Zealot: The Life and Times of Jesus of Nazareth

Zealot: The Life and Times of Jesus of Nazareth Zealot: The Life and Times of Jesus of NazarethReza Aslan; Random House 2013

Reza Aslan’s exploration of Jesus as an historical figure does an excellent job providing a context to the gospel stories. That context helps in revealing not just the historical truth but also the intended meaning behind those stories. In particular, the in depth exploration of the power dynamics amongst the apostles and the early Church leaders is illuminated by the real-politik description of Roman power in 1st century Palestine.
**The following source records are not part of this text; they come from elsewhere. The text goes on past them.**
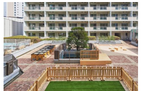
2階デッキスペース (ドッグラン・キッズスペース・共同菜園)

名称：コンフォリア高島平 所在地：東京都板橋区新河岸2丁目1-40 敷地面積：3793.29㎡ 建築面積：1983.23㎡ 延床面積：8480.81㎡ 総戸数：76戸＋テナント1区画 構造規模：RC造 地上8階建 既存建物竣工年：1995年 改修建物竣工年：2022年9月 居室面積：76.26㎡、68.40㎡ 共用設備：デッキスペース（ドッグラン、キッズスペース、共同菜園）、LFCコンポスト、ワークスペース、テレワークブース、プレイルーム、北側広場、東側広場、宅配ボックス、駐車場、駐輪場、防災備蓄倉庫、ゴミ置場、トランクルーム、等 交通：都営三田線「高島平」駅から徒歩10分 間取り：1LDK、2LDK、3LDK 事業主：東急不動産株式会社 貸主：東急住宅リース株式会社 企画、設計・監理、施工：リノベル株式会社 施工：三井物産フォーサイト株式会社
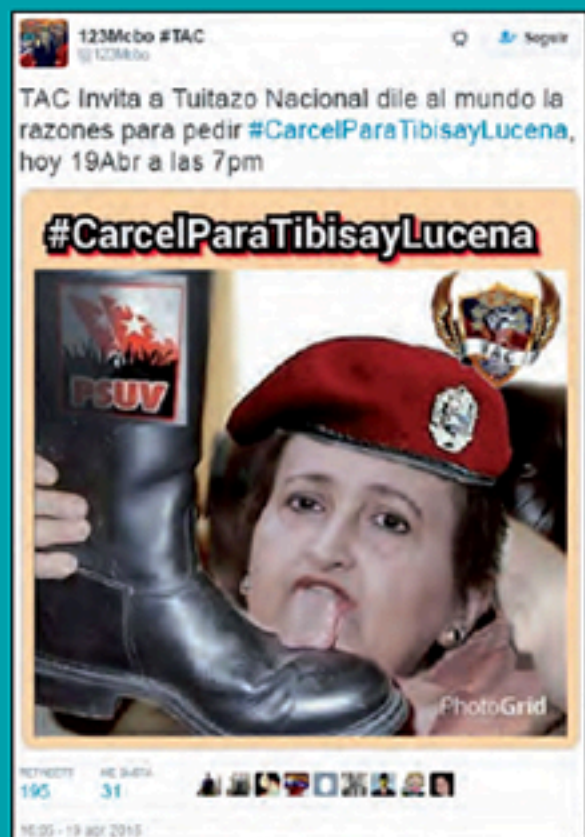
Campaña anónima de odio Abril 2016
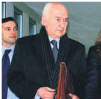
El jutge militar Carlos Rey, acusat de crim de lesa humanitat

L'Ajuntament formalitza l'acusació contra el jutge militar que l'any 1974 va dictar la condemna a mort
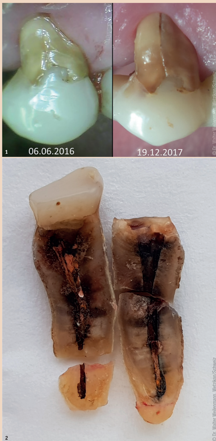
Abb. 1: Entwicklung eines Microcracks zur Vertikalfraktur. – Abb. 2: Degradierete Wurzelkanalfüllung: Ursache oder Folge der Vertikalfraktur?

Ein weiterer entscheidender Faktor neben der Wurzelkanalbehandlung ist die Art der endgültigen Versorgung endodontisch behandelter Zähne, insbesondere der
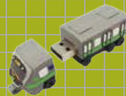
EMU900 質感隨身碟 32G / 64G 390 / 490元
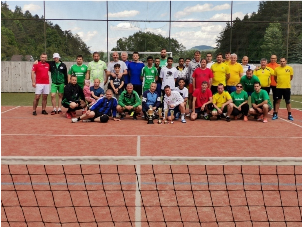
Nohejbalový turnaj v Malachove
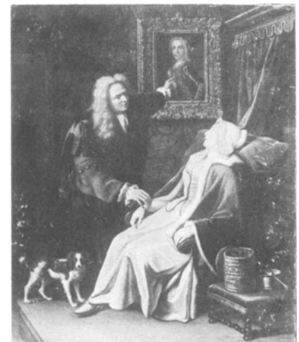
Figuur 6. Cornelis de Man (?), Doktersvisite , verblijfplaats onbekend.

Hetzelfde geldt voor de Doktersvisite van Jan Steen te Philadelphia (figuur 7), waar de dokter het geluk heeft,

This frantic attempt to reduce John’s significance, to make him inferior to Jesus—to make him little more than Jesus’s herald—betrays an urgent need on the part of the early Christian community to counteract what the historical evidence clearly suggests: whoever the Baptist was, wherever he came from, and however he intended his baptismal ritual, Jesus very likely began his ministry as just another of his disciples.

 

Christianity after the destruction of Jerusalem was almost exclusively a gentile religion; it needed a gentile theology. And that is precisely what Paul provided. The choice between James’s vision of a Jewish religion anchored in the Law of Moses and derived from a Jewish nationalist who fought against Rome, and Paul’s vision of a Roman religion that divorced itself from Jewish provincialism and required nothing for salvation save belief in Christ, was not a difficult one for the second and third generations of Jesus’s followers to make.